Daniel Boaventura e Solange
Daniel Boaventura e Solange Foto: Arquivo pessoal
Amor poliglota
Live Daniel Boaventura - Sáb, às 19h, nas redes sociais do cantor
“Minha mãe, Solange, tem uma voz linda, é muito afinada e estudou piano na juventude. Tocava muito bem. Mas ela se formou em neolatinas e trabalhou como professora de francês. Adora as músicas em italiano que canto e não abre mão dos clássicos (em inglês) de Frank Sinatra. É uma fã do filho (risos)! Infelizmente, estamos longe: eu em São Paulo, passando a quarentena com minhas duas filhas, e ela na Bahia, minha terra natal. Mas falamos todo dia por celular. Acho que o presente que ela mais gostaria de ganhar hoje seria a minha presença física. No ramo que eu trabalho, viagens são praticamente uma exigência. Atuei durante muito tempo em televisão, cinema, shows e teatro musical. Às vezes, fazia os quatro ao mesmo tempo. Ficava cada vez mais difícil encontrá-la. Lembro-me que a nossa programação favorita no Dia das Mães era sairmos em família para almoço e/ou jantar. E que uma vez lhe dei um retrato de meu pai feito a lápis por um grande artista amigo meu, e ela adorou”.
Michel Teló e Leonila
Michel Teló e Leonila Foto: Arquivo pessoal
Confiança à prova
Live Michel Teló - Dom, às 13h, no canal do cantor no YouTube e no canal Bis
“O nome da minha mãe é Leonila, mas gosta de ser chamada de Nina.

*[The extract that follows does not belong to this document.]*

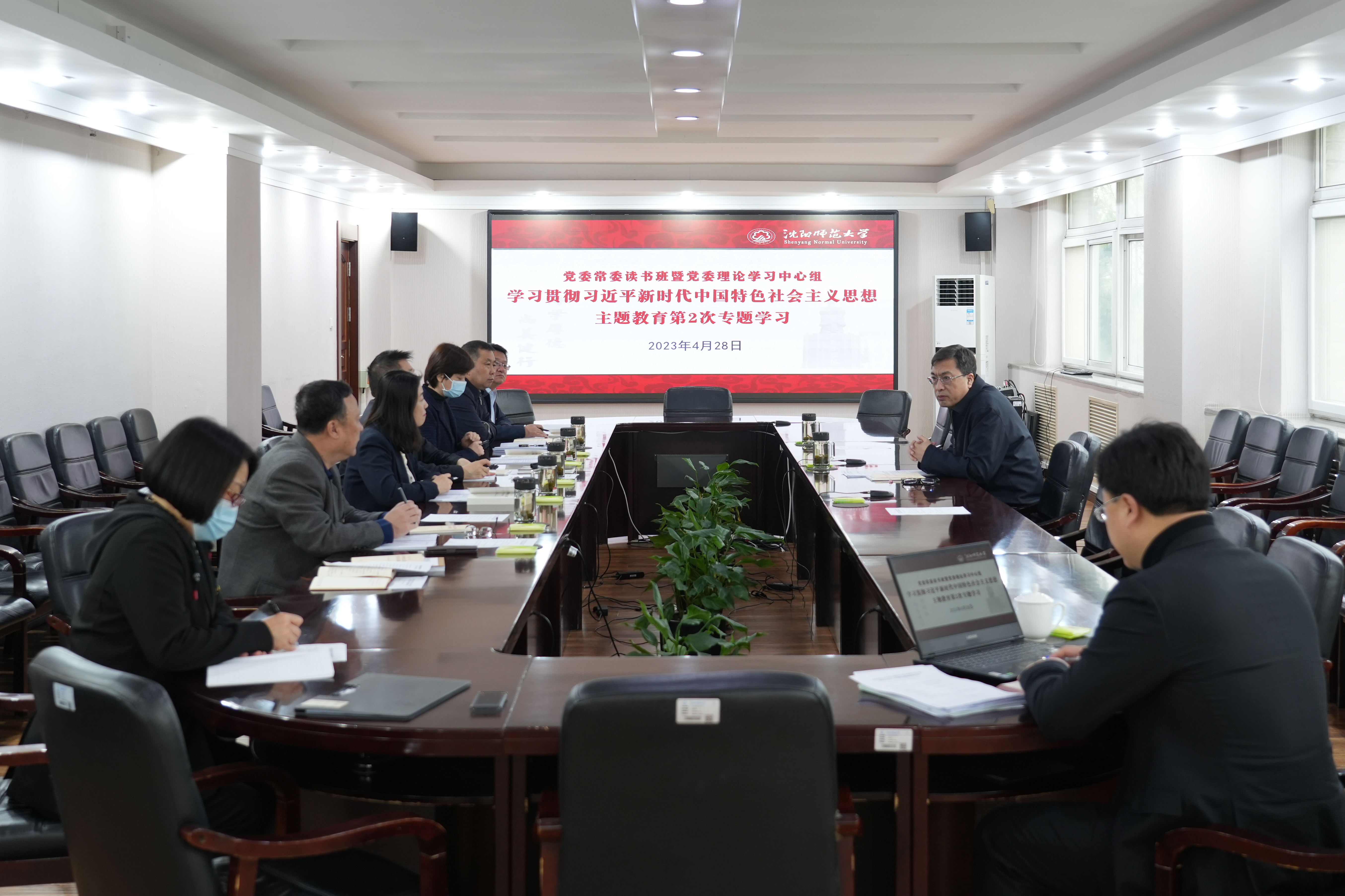 就学校主题教育开展和下一步重点工作部署,郝德永强调,全体党员干部要坚持不懈用习近平新时代中国特色社会主义思想武装头脑、指导实践、推动工作,统筹做好“六个必须坚持”与学校“十个有力抓手”深度融合。一要将办好人民满意教育与坚持人民至上相结合,以师生满意为出发点落脚点,围绕改善工作学习生活等条件解决一系列师生关心关注的问题,把好事办好、实事办实。二要将提升核心竞争力与坚持自信自立相结合,深入探索在学科、专业、教学、科研、人才、管理服务等方面的新思路新举措,依靠自己的力量办好自己的事情。三要将推动建章立制与坚持守正创新相结合,紧跟新形势新要求,及时吸纳好经验好做法,紧密联系学校实际,系统推进管理制度改革,通过主题教育进一步完善学校综合改革方案。四要将深入开展调查研究与坚持问题导向相结合,用理论学习成果指导调查研究,联系工作实际,深刻查摆在教学科研管理服务等方面的一系列问题,真查真找真改,为广大师生办好事、解难事。五要将全面深入学习习近平新时代中国特色社会主义思想与坚持系统观念相结合,紧紧围绕讲授党课题目,切实将习近平总书记关于科技、人才、学生成长、思政课建设、教育评价、双一流建设等方面的重要论述学深悟透,做好理论宣讲,指导推动学校内涵建设取得新突破。六要将推进教育国际化高质量发展与坚持胸怀天下相结合,深入开展国际合作交流,不断提升办学合作层次,持续提高来华留学教育水平,稳步推进国际中文教育工作,进一步拓宽沈师品牌的国际影响力。

Ela saiu da roça com 22 anos. Roça mesmo, no Rio Grande do Sul, onde ela e os 12 irmãos plantavam tudo para o sustento da família. Quando ela e meu pai foram para Medianeira (PR), onde nasci, ele abatia o gado e ela cuidava do açougue. Depois, no Mato Grosso do Sul, abriram uma padaria. Ela sempre gostou do comércio. Até hoje, tem lojas de confecção. Minha mãe me deixava tocar em bailes com 12 anos, das 23h às 4h. Com 13, eu fazia parte de uma banda e viajava 700km em ônibus de linha. Era muita confiança dela, em Deus e em mim! E Dona Nina é afinada, canta bonito! Está passando a quarentena na fazenda no Pantanal. Neste Dia das Mães, de manhã cedinho, eu, Thaís (Fersoza, mulher do cantor), as crianças e meus sogros vamos acompanhar a missa, como fazemos todo domingo. Na hora da live, vou cantar ‘Fogão de lenha’, música que minha mãe sempre me pede e com a qual eu me apresentei aos 7 anos, no colégio, numa das primeiras vezes em que subi num palco. Essa transmissão vai ser emocionante, tenho certeza! E depois vamos emendar num almoção comemorativo”.